At the outset Mr. Goudie, Q.C. for the applicant indicated his position that the issues to be determined are first, whether or not the order of the High Court was a final judgment, which issue would determine whether the proposed appeal is as of right or discretionary; and secondly, if the order was not a final order, whether the court should exercise its discretion to grant leave to appeal to the Privy Council by reason of the general public importance of the matters raised in the proposed appeal. Mr. Moverley Smith Q.C. for the respondent agreed that those are the issues to be determined. We also agree.


Learned Queen's Counsel for the applicant conceded that the decision to limit the Bank's defences to the issue of estoppel is clearly not final, but submitted that the order for summary judgment is a final order. Mr. Goudie submitted that the appropriate test for determining the issue, particularly in the case of an order for summary judgment, is not the application test but the order test. In support of this submission learned counsel urged that there are two lines of authority on the issue, that the decisions of the Privy Council favour the order test, that none of the decisions of this court or other courts in the Caribbean which favour the application test have been considered by the privy Council, but that this court should be guided by the decisions of the Privy Council in regard to the appropriateness of the order test, more particularly in matters relating to orders for summary judgment.


Learned counsel reviewed a number of decided cases in favour of both approaches. He made a critical analysis of the case of Sylvester v. Singh1, and argued that this case was not clearly determinative of the issue. Counsel conceded that the application test is the settled English position, but submitted that this court has not a settled position.


Learned Queen's Counsel referred to the case of Re Lim Kim Guan, ex parte Four Seas Bank Ltd2, a judgment of the High Court of Singapore which applied the order test in bankruptcy proceedings; Haron Bin Mohammed Zaid v.
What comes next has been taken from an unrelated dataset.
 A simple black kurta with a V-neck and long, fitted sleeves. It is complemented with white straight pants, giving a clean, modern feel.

Central Securities (Holdings) BHD3, a decision of Her Majesty's Privy Council on appeal from the Federal Court of Malaysia, which decided that a question of whether an order was final or interlocutory was a matter for the Federal Court to decide in accordance with its own practice and procedure, and accordingly affirmed the Federal Court's application of the order test; Allen v Wright4, a decision of the West Indies Federal Supreme Court (long defunct), which applied the order test in respect of an order striking out an election petition; Duporte v. Freeman5, a decision of the Court of Appeal of the West Indies Associated States, the predecessor of this court which also applied the order test on an issue arising out of an election petition.
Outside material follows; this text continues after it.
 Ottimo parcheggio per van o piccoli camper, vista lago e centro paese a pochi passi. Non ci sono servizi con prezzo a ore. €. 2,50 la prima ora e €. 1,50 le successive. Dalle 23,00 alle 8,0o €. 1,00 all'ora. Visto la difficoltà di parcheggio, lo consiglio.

However, as submitted by Mr. Moverley Smith Q.C. for the respondent, while in Sylvester v. Singh Byron J.A. as he then was admittedly expressed the opinion that there was no settled practice in this court, several subsequent decisions of this court, following the decision in that case, have adopted and treated as settled practice in this jurisdiction the application test in preference to the order test. Mr. Moverley Smith Q.C. cited in support the cases of Harry Samuel v Commissioner of Police and Attorney General6, and Nam Tai Electronics v. David Hague7, both decisions of this court relying on Sylvester v. Singh and treating it as 'well established in this jurisdiction that in determining whether a matter is procedural (interlocutory) or final the court will apply the application test rather than the order test' 8


We reaffirm that the application test is the test applied in this jurisdiction, and consequently that the proposed appeal is not as of right. It therefore falls for us to consider whether the court should exercise its discretion to grant leave pursuant to section 3(2)(a) of the Virgin Islands ( Appeal to privy Council) Order9. That section provides that the court may grant leave to appeal where in the opinion of the court the question involved in the appeal is one that, by reason of its great general or public importance or otherwise, ought to be submitted to Her Majesty.